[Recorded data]
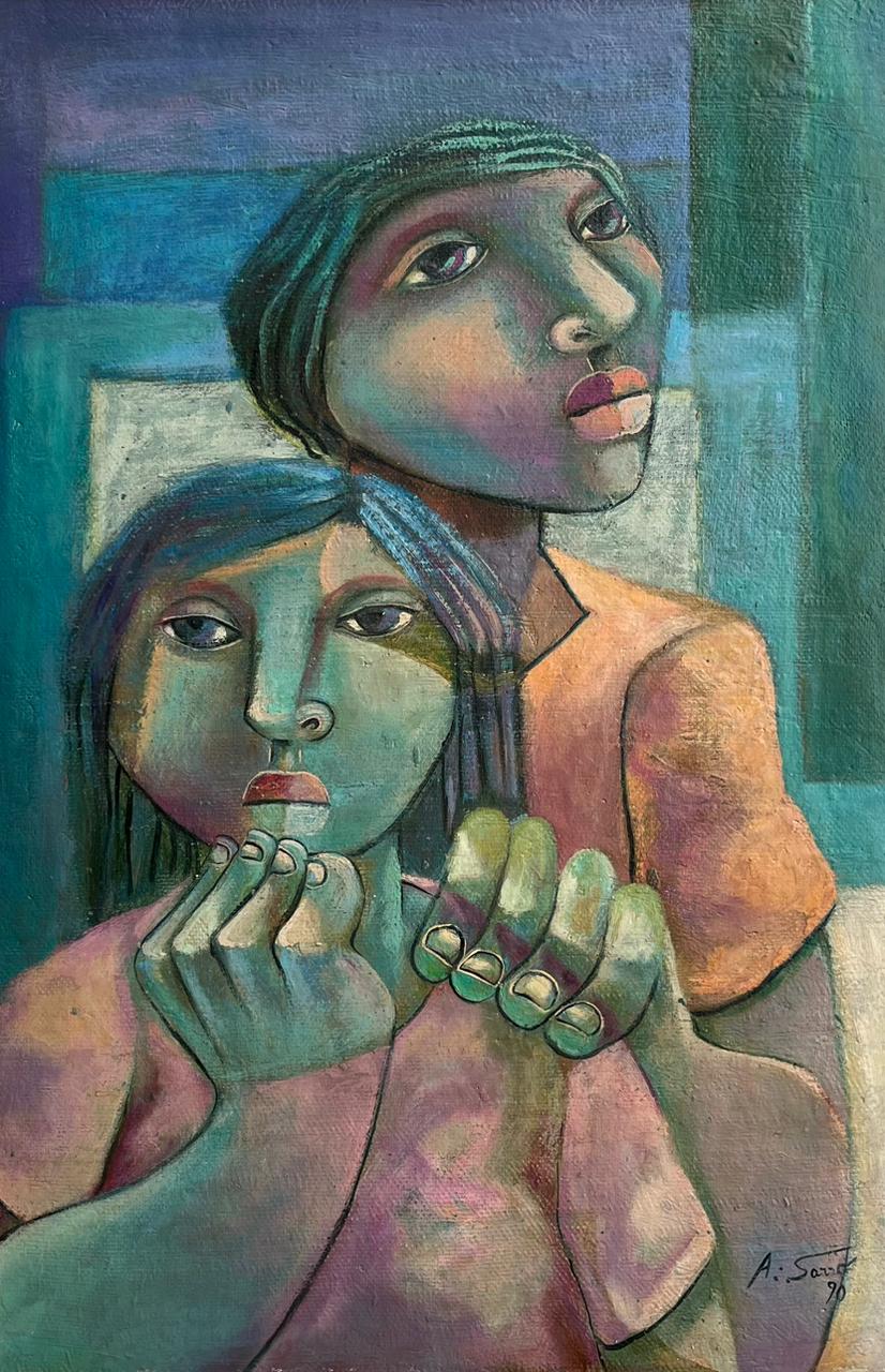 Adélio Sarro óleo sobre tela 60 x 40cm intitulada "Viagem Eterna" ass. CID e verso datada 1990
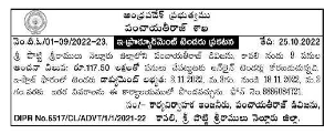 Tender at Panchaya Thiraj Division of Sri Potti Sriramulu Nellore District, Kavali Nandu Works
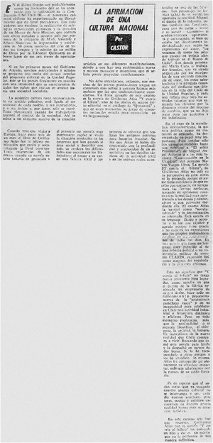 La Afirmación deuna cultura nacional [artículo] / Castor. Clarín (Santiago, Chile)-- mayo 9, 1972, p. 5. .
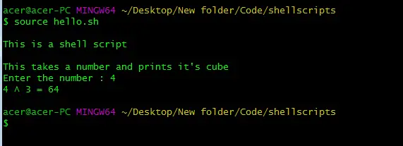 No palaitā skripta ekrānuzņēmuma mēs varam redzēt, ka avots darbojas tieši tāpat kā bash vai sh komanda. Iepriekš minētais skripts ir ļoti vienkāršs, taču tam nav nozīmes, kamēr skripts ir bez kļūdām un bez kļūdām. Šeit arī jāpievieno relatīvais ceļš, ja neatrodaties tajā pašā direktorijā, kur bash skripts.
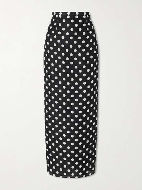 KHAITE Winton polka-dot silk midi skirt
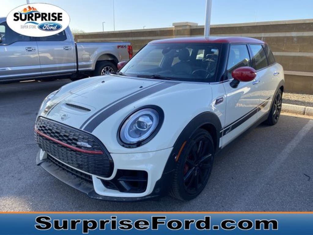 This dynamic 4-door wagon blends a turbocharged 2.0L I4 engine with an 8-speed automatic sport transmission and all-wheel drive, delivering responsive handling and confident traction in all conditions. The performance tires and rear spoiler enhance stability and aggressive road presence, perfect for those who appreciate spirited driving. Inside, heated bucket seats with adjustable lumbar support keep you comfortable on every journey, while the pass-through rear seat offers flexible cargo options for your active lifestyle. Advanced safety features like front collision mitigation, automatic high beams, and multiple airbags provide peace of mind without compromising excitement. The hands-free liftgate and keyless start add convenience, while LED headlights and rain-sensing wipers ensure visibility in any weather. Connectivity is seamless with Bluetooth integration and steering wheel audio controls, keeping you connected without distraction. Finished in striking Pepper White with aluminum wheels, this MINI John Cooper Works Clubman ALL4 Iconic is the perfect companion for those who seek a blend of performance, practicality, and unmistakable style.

## Activity
The answer must be the lines above, word for word, from the first one through the line with "KHAITE Winton polka-dot silk midi skirt", pictures excluded.

## Written response
 Adélio Sarro óleo sobre tela 60 x 40cm intitulada "Viagem Eterna" ass. CID e verso datada 1990
 Tender at Panchaya Thiraj Division of Sri Potti Sriramulu Nellore District, Kavali Nandu Works
 La Afirmación deuna cultura nacional [artículo] / Castor. Clarín (Santiago, Chile)-- mayo 9, 1972, p. 5. .
 No palaitā skripta ekrānuzņēmuma mēs varam redzēt, ka avots darbojas tieši tāpat kā bash vai sh komanda. Iepriekš minētais skripts ir ļoti vienkāršs, taču tam nav nozīmes, kamēr skripts ir bez kļūdām un bez kļūdām. Šeit arī jāpievieno relatīvais ceļš, ja neatrodaties tajā pašā direktorijā, kur bash skripts.
 KHAITE Winton polka-dot silk midi skirt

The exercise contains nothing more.